As someone who does teach tutorials as a side gig, I would argue that implementing matrix operations in a tutorial on neural networks is overkill. No matter what the level of the tutorial you always need to draw a line and assume a certain amount of background knowledge and knowing how to use standard tools isn't too much to ask. (yes, I know numpy isn't part of python's standard library, but it comes with pretty much any Python distribution as many other libraries depend on it.)

If we're talking about a longer format, such as a book, then we might consider digging deeper and implementing as much as possible using the barest of Python requirements. Indeed, Joel Grus does implement everything from scratch in his great (although a bit dated) book https://www.amazon.com/Data-Science-Scratch-Principles-Pytho....

EDIT: This is still a work in progress (and relies on numpy and matplotlib), but here is my version: https://github.com/DataForScience/DeepLearning These notebooks are meant as support for a webinar so they might not be the clearest as standalone, but you also have the slides there.

Matrix math is easy peasy. Freshman level programming. Just lookup algorithms on Wikipedia and you're all set.

The problem is it's extremely hard to make it efficient. Dozens of men-years are spent trying to optimize linear algebra libraries. There are handful linalg libraries that have competitive performance. It was my college project to make a fast linalg library, and boy it is fast. There are some things like matrix multiplication that if you implement in C with the trivial algorithm, takes >2 mins but with some tricks you can make it as fast as <second (vectorization, OpenMP, handwritten assembly, automatically optimized code, various optimizations, better algorithm.....).

So, if you want to implement linalg in some language and compile it, go ahead, more power to you. But it's basically impossible to do it efficiently. My opinion is: this is fine and we should do this. There should be linalg libraries written in pure python (and are 1000x slower than lapack) but just understand that it's impossible to satisfy all use cases of numpy this way (at least currently).
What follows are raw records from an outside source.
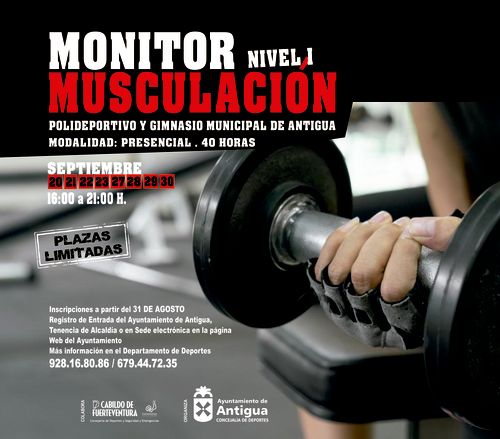 In Antigua wird vom 20. bis 30. September ein Ausbildungskurs zum Muskel-Aufbau-Trainer Stufe Eins angeboten. Damit soll jungen Leuten der Einstieg ins Berufsleben im Sportbereich ermöglicht werden. Anmeldungen werden ab dem 31. August über die Webseite www.ayto-antigua.es angenommen. Infos auch über die Telefonnummern 928 168 086 sowie über 679 44 72 35.
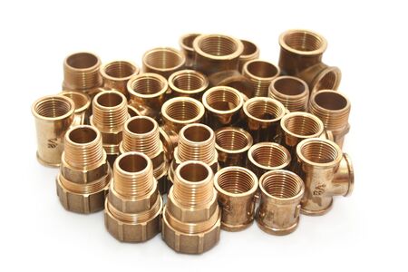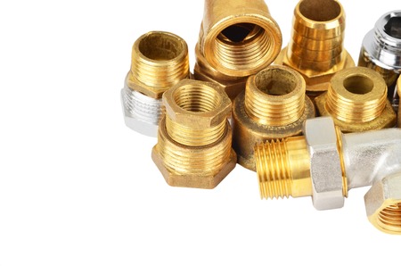 Set of brass fittings is often used to connect for gas and water installations. Fitting connecting pipes in plumbing
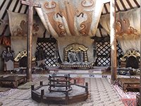 | パンク修理中。道なき道を走るので、パンク修理もお手の物って感じです | 13世紀村のハーンの座。 ハーンのコスプレの人とかがいたらよかったんですが。 |
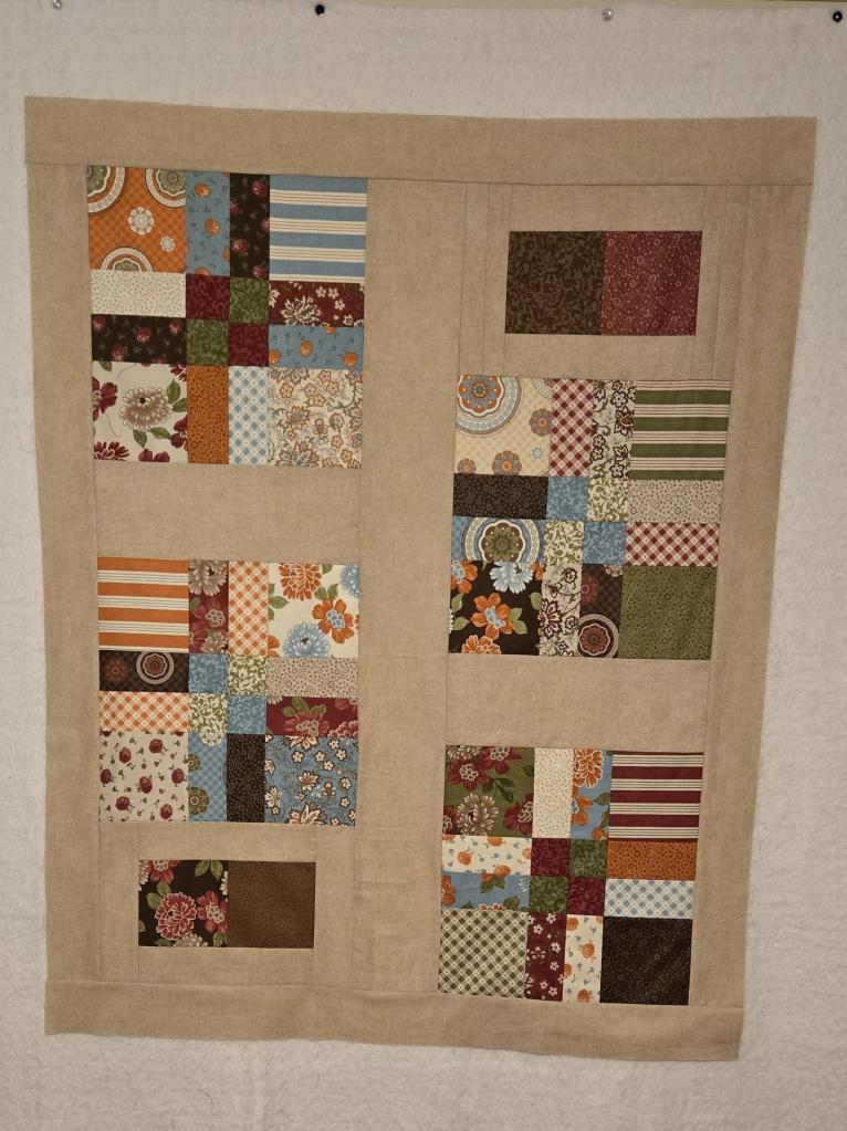 I named it “Plot Twist” because I kept having to revise my plans. First, I was just going to make straight-forward Nine-Patch blocks with sashing but since I had just something similar, I did a Disappearing Nine-Patch instead. I was going to do the four blocks in the staggered formation shown with a lot of blank space, but my quilt math was off, and I didn’t have enough of the tan material to do that. So, I adapted by adding the two-patch squares made from left overs from the charm pack). Even then, I had to piece the tan sashing around the upper right two-patch. When I say there were no scraps left, I mean None! When completed, this will make a nice lap or wheelchair quilt.
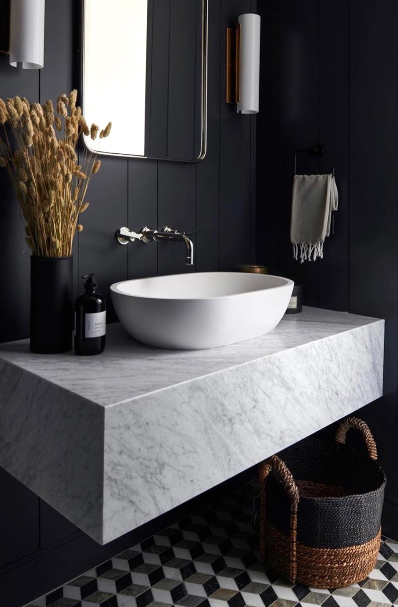 The oblong Atria Vessel Sink from Signature Hardware is perfectly suited for this space with its clean, contemporary design. The matte white finish is a striking contrast to the black paneled walls and 3-D illusion tile on the floor.
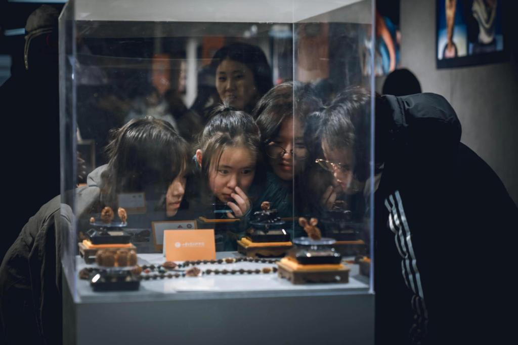 此次展览汇集了木雕、石雕、根雕、玉雕、影雕、核雕、篆刻、葫芦雕等在内的多种雕刻技艺作品,并由20余为非遗传承人亲自为附中师生讲解。
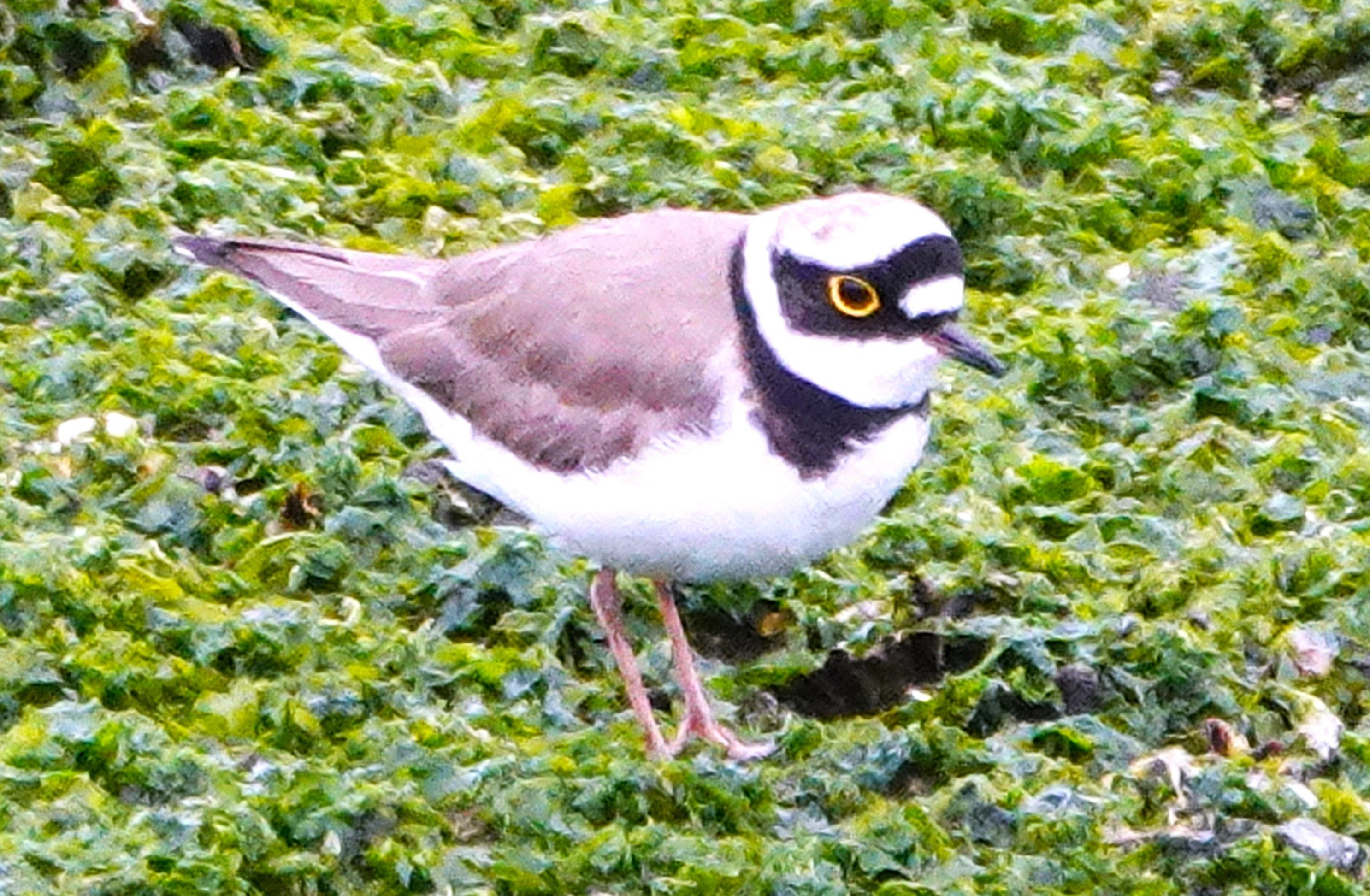 最近見なくなったコチドリが2羽やって来てアオサの中の餌を探していました。
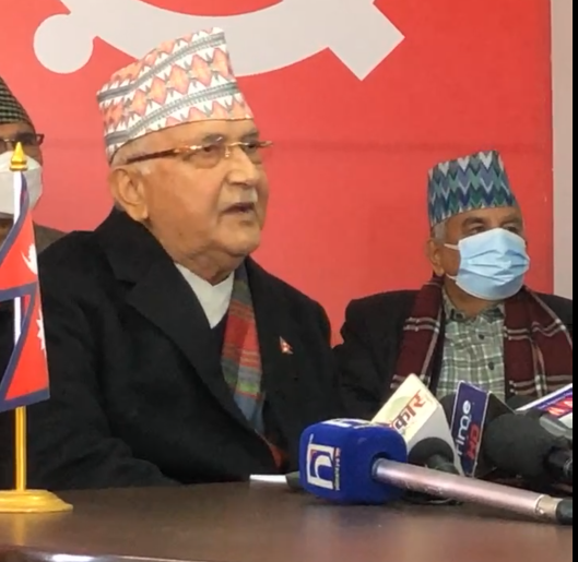 काठमाडौं, २८ माघ । नेकपा (एमाले) का अध्यक्ष तथा पूर्व प्रधानमन्त्री केपी शर्मा ओलीले आफ्नो पार्टी देश, लोकतन्त्र र जनताको पक्षमा पहेरदारको रुपम खडा रहेको बताएका छन् । उनले प्रतिक्रियावादी शक्तिहरुले देशलाई पछाडि लैजान नसक्ने बताए । आज पार्टी मुख्यालय थापाथलीबाट सम्बोधन गर्दै अध्यक्ष ओलीले यस्तो बताएका हुन् ।
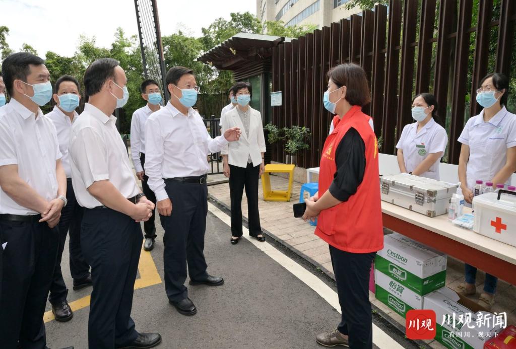 7月20日,省委书记王晓晖到成都市疫情防控指挥部应急指挥中心,听取应对处置当前疫情工作情况汇报,视频连线锦江区沙河街道锦东庭园小区,了解小区封控管理及服务保障工作开展情况。
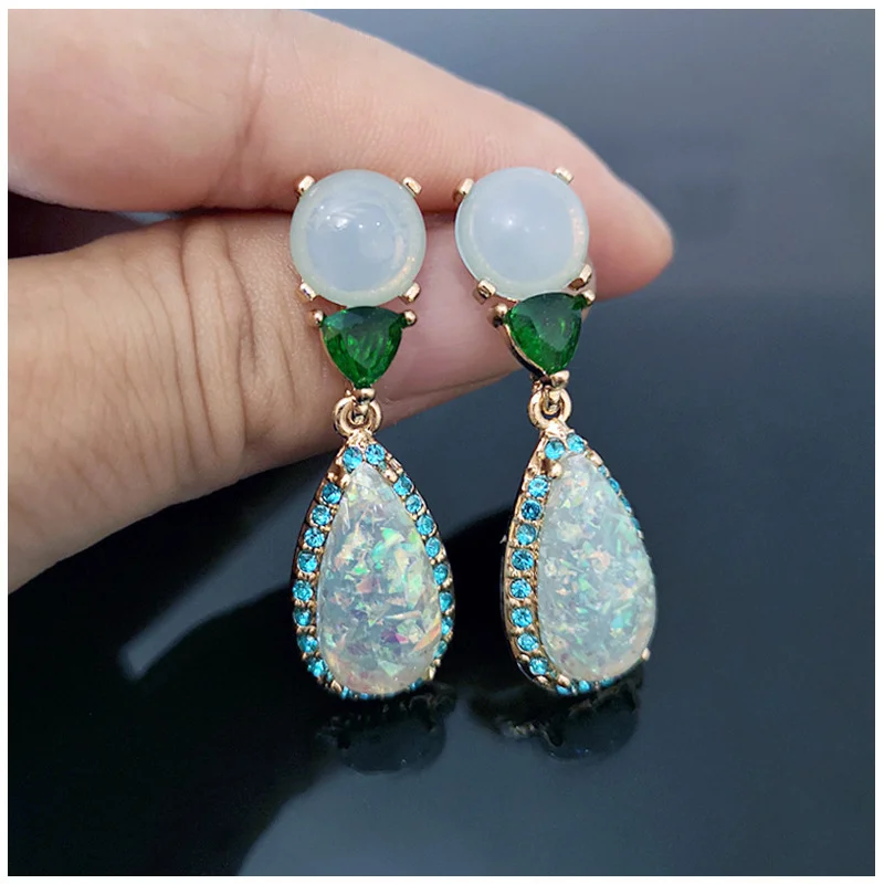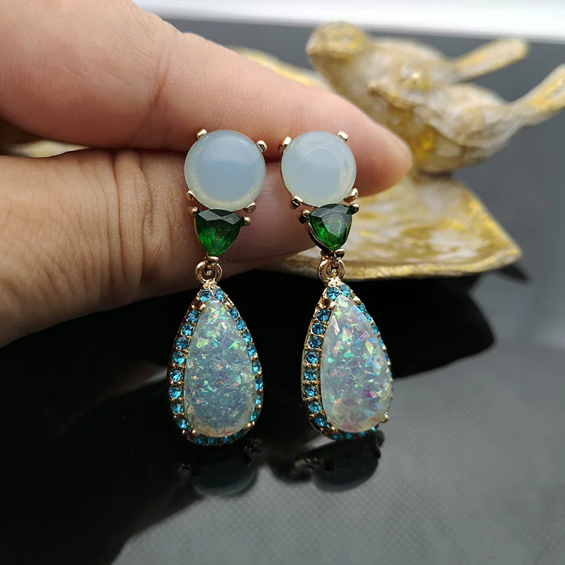 Step into timeless elegance with these vintage-inspired drop earrings, perfect for enhancing your special occasion look. Crafted from zinc alloy with a luxurious gold-tone finish, these earrings feature a stunning teardrop shape with an iridescent, opal-like surface that shifts with vibrant, colorful hues. The top boasts a smooth, glossy round moonstone accent in a soft light blue, adding a refined touch, while a delicate heart-shaped element below introduces a charming detail. The intricate design is further accentuated with tiny shimmering stones set in a gold framework, creating a luminous sparkle that complements the overall vintage aesthetic. Lightweight and fashionable, these earrings are ideal for parties, weddings, or engagements, making you feel sophisticated and radiant.

If you don't care much about performance (and if you are reimplementing a neural network from scratch you're probably doing it more as a learning project than anything else) implementing matrix operations isn't very difficult.

If you're not used to work with matrices simply reading the Wikipedia article might tell you enough to implement them yourself.

Exactly the reason why my colleagues and myself do all deep learning in C++, performance and portability, from cloud to RPie. We've even modified caffe2 so we could build the training graph from pure C++. We know this is not the current doxa :) It's also all open sourced just in case others might need it...

It is easy to do unless you don't code at all, or are completely confused by the math.

I'm a C# developer and I'm sure it would take me all of about 30 seconds to install a matrix multiplication package through nuget. I'm sure it would be immediately obvious how to add items to matrices or do a dot product.

Hm. I just finished teaching an ML course where all of the assignments were pure Python (on purpose, so students would actually have the chance to see all of the code). One of the assignments included implementing reverse-mode autodiff and a NN classifier on top. It can be done in ~600 lines of clear python, serious!

The complicated parts of Numpy are themselves a wrapper for the seminal LAPACK: http://www.netlib.org/lapack/. It has C language APIs, so that might help you with what you need to do.

Yep. I would like to see an article that implements everything without using matrices first, then creates the matrices library with you, and refactors everything over.

So much learning that we're missing by not going through this step.

I'm curious if you have a particular language/microcontroller/microwave/badger you have in mind? Depending on which, YMMV.